Summary
Genetic constraint metrics such as the gnomAD probability of being loss-of-function (LoF) intolerant (pLI) are used to prioritize candidate genes but the mode of inheritance of highly constrained genes has never specifically been studied. We compared 605 genes with a pLI of 1 (pLI1 group) with a random sample of 635 genes from gnomAD (the random group) in terms of genetic constraint metrics, associations with Mendelian disease, modes of inheritance, and two intragenic constraint scores: the percentage of constraint coding regions (CCR) in the 99th percentile and the gene variation intolerance rank (GeVIR). The proportion of genes associated with a Mendelian disease was 35.9% (217/605) in the pLI1 group and 19.5% (124/635) in the random group (p < 0.0001). The modes of inheritance in the random group were autosomal dominant for 35 genes (28.2%), autosomal recessive for 69 (55.6%), mixed for 14 (11.3%) and X-linked for 6 genes (4.8%). The corresponding distribution in the pLI1 group was 150 (69.1%), 26 (12.0%), 14 (6.5%) and 27 (12.4%) (p < 0.0001). The percentage of CCRs in the 99th percentile was 0.3 in the random group versus 1.12 in the pLI1 group (p < 0.0001). The GeVIR score was 50.9 for the random group versus 15.1 for the pLI1 group (p < 0.0001). High genetic constraint does not seem to be associated with a particular mode of inheritance but does seem to be associated with the intragenic constraint scores considered here. Some highly constrained genes are associated with two different modes of inheritance.
Keywords: Mendelian inheritance, pLI, gnomAD, ExAC
1. Introduction
The Exome Aggregation Consortium (ExAC) database, created in October 2014, contains exome sequence data from 60 706 individuals and has rapidly become an essential tool in the study of Mendelian diseases (1).

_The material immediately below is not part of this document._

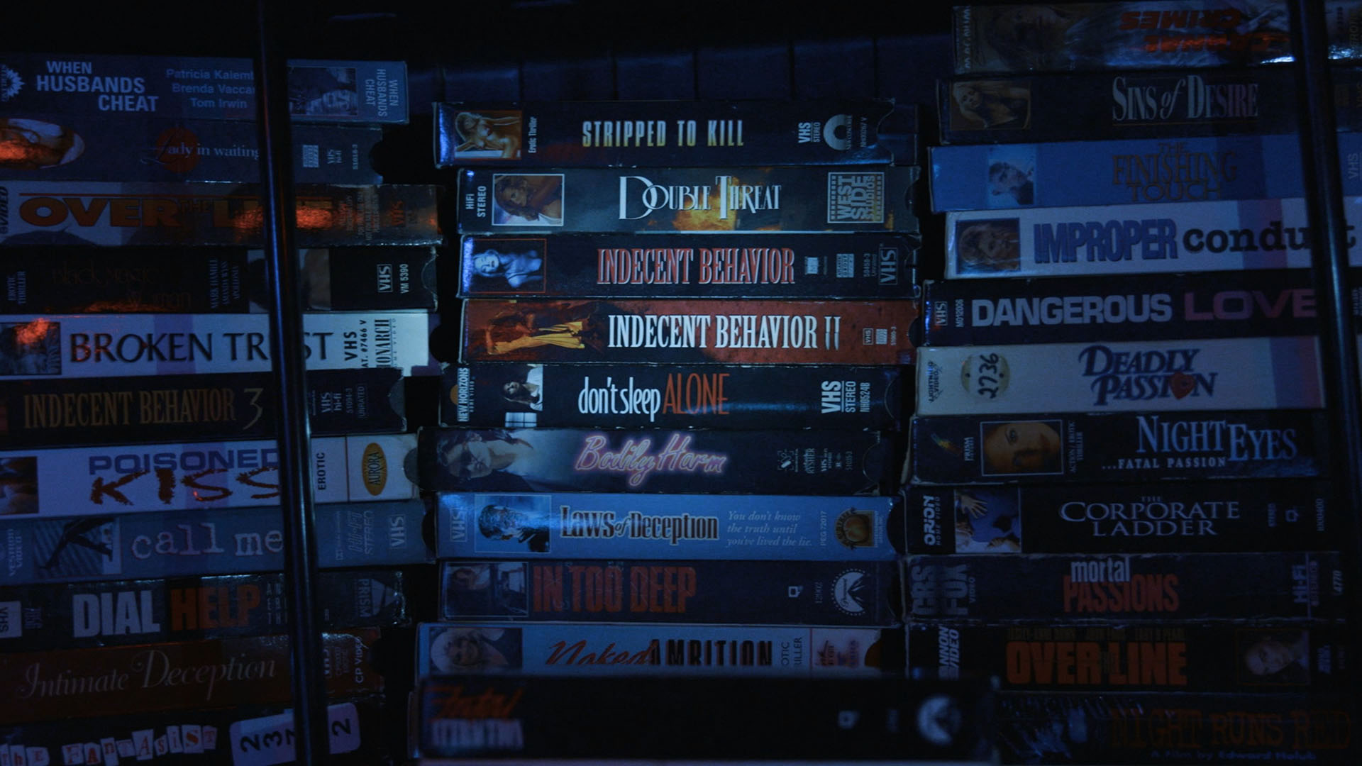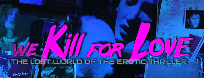 across at least a dozen sexy suspense films staring at you in the new release section. Every year seemed to bring dozens of new, direct-to-VHS films with stars like Shannon Tweed, Andrew Stevens, Tanya Roberts, or tons of other names, with titles like seemed like random combinations of words like "instinct," "indecent," "exposure," "animal," "fatal," and "bedroom." While the cowardly Blockbuster Video only stocked the R-rated versions of most of these films, other stores had the spicier unrated versions guaranteed to feature a few extra minutes of moaning and grinding to ensure you got your money's worth. Exactly how this subgenre of what became known as the erotic thriller got started has been the subject of debate for ages now with various Hollywood hits from the '80s being the most likely cause (more on that below), but what's indisputable is that these were very popular and wildly entertaining staples of any VHS hound's diet before they quietly died out somewhere in the early '00s. The vast majority of these films have somehow slid into oblivion, never seeing the light of day again after their initial VHS (and sometimes laserdisc) releases and long gone from any kind of cable TV play. Furthermore, they haven't really had a chance to build up any following as opposed to the various international strains of horror films, westerns, and even adult titles during the Blu-ray era, with only a few scant written studies devoted to their existence. Aiming to fill that void is the mammoth documentary We Kill for Love: The Lost World of the Erotic Thriller, a combination of "we were there" testimony from the actors and filmmakers of the era mixed with scholarly observations from a variety of film critics pinpointing their appeal and pop culture significance. It's a very welcome salute to these films, which were often lumped in with the more established "Skinemax" strain of softcore entertainment but really had a personality all their own.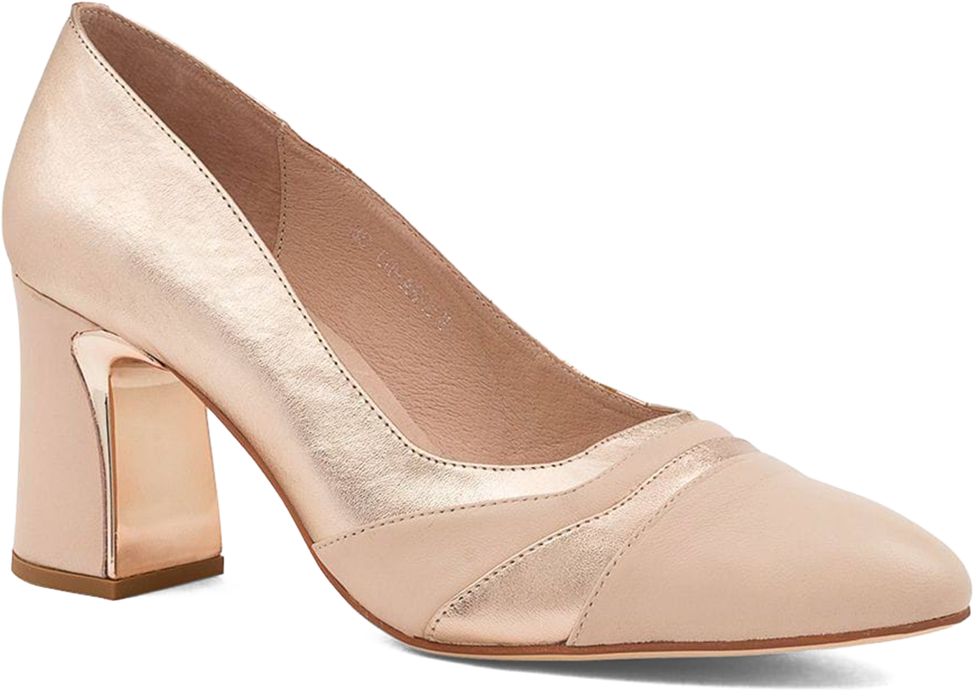 Step into effortless 70’s-inspired glam with KISHA, the leather block heel pump designed to make a statement. Featuring contrasting panels and a sturdy block heel, these pumps add dimension and visual interest to any outfit, making them a versatile choice for both workdays and evening occasions.

The ExAC database has allowed levels of genetic constraint to be estimated (2) and a popular metric is the probability of loss-of-function (LoF) intolerance (pLI). The pLI ranges from 0 to 1 and genes with a pLI ≥ 0.9 are very likely to be intolerant to loss-of-function variations and are often associated with haploinsufficiency and dominant genetic diseases. Despite some limitations, the pLI has been widely used to prioritize candidate genes (3). The successor of the ExAC database, the genome aggregation database (gnomAD) (4), contains more than 100,000 human exome and genome sequences along with annotations including the pLI and missense and synonymous Z-scores. Just as for the pLI, higher (more positive) Z-scores indicate greater intolerance to the corresponding type of variation. Other measures of genetic constraint derived from gnomAD data have been proposed to identify candidate genes, including the gene variation intolerance rank (GeVIR) (5) and the mapping of constraint coding regions (CCRs) in genes (6). While modes of inheritance clearly affect genetic constraints (4,7), the Mendelian mode of inheritance of highly constrained genes has never been specifically studied. The aim of this study was therefore to analyze the modes of inheritance of the most constrained genes (with a pLI of 1) in comparison with those of a random selection.
2. Material and Methods
The gnomAD constraint metric by gene table (4) containing 19,704 genes was downloaded from the gnomAD website (https://gnomad.broadinstitute.org/downloads, file "pLoF Metrics by Gene TSV") on 15 October 2019. Gene constraint metrics (pLI, missense and synonymous Z-scores) and chromosome location were extracted for the 605 genes with a pLI = 1 (the pLI1 gene group) and a random sample of 650 genes (the random gene (RG) group). Manual searches were performed for each gene on the Online Mendelian Inheritance in Man (OMIM website, https://omim.org/) between 15 October 2019 and 20 May 2020. The data retrieved were the existence of an associated Mendelian disease (non-diseases and multifactorial disorders were not included), and for each disease, the mode of inheritance (autosomal dominant, autosomal recessive, or X-linked). For genes associated with multiple phenotypes, the number of associated Mendelian diseases was also recorded and the mode of inheritance was recorded as mixed if it varied between phenotypes. The number of CCRs in the 99th percentile for each gene was obtained from Abramov et al. (5) and GeVIRs were obtained from Havrilla et al. (6).
Continuous variables were expressed as mean (standard deviation). Comparisons were made with t-tests when comparing highly constrained and randomly selected genes. Kruskal-Wallis tests were used when comparing the 4 groups according to the mode of inheritance. Chi-square test was used for comparison of categorical variables. The alpha level was set at 0.05 for all two-tailed tests. The analyses were conducted using IBM SPSS Statistics 27.0 (IBM Inc., New York, USA). Differences in gene ontology terms for biological processes, molecular function and cellular components were analyzed with Panther (http://pantherdb.org/) (8).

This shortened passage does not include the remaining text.